Reproduce, exactly, the lines of the material below from the line containing "當下我國已進(jìn)入人口" through the line containing "圖9為該電感在上述條件下,讓", with both end lines included and nothing else.

(Exercise material Opens)

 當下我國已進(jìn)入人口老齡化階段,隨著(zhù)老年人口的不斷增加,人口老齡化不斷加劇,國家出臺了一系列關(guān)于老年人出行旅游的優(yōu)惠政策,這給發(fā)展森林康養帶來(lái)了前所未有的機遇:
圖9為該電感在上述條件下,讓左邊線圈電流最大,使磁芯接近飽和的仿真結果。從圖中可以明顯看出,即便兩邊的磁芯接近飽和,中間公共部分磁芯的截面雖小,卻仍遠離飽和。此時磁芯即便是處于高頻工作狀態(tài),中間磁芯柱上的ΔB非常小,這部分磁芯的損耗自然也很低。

(Exercise material Closes)
(Exercise material Opens)

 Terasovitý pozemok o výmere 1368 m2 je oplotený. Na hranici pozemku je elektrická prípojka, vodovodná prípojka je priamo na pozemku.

(Exercise material Closes)

◆ **Response area**:
 當下我國已進(jìn)入人口老齡化階段,隨著(zhù)老年人口的不斷增加,人口老齡化不斷加劇,國家出臺了一系列關(guān)于老年人出行旅游的優(yōu)惠政策,這給發(fā)展森林康養帶來(lái)了前所未有的機遇:
圖9為該電感在上述條件下,讓左邊線圈電流最大,使磁芯接近飽和的仿真結果。從圖中可以明顯看出,即便兩邊的磁芯接近飽和,中間公共部分磁芯的截面雖小,卻仍遠離飽和。此時磁芯即便是處于高頻工作狀態(tài),中間磁芯柱上的ΔB非常小,這部分磁芯的損耗自然也很低。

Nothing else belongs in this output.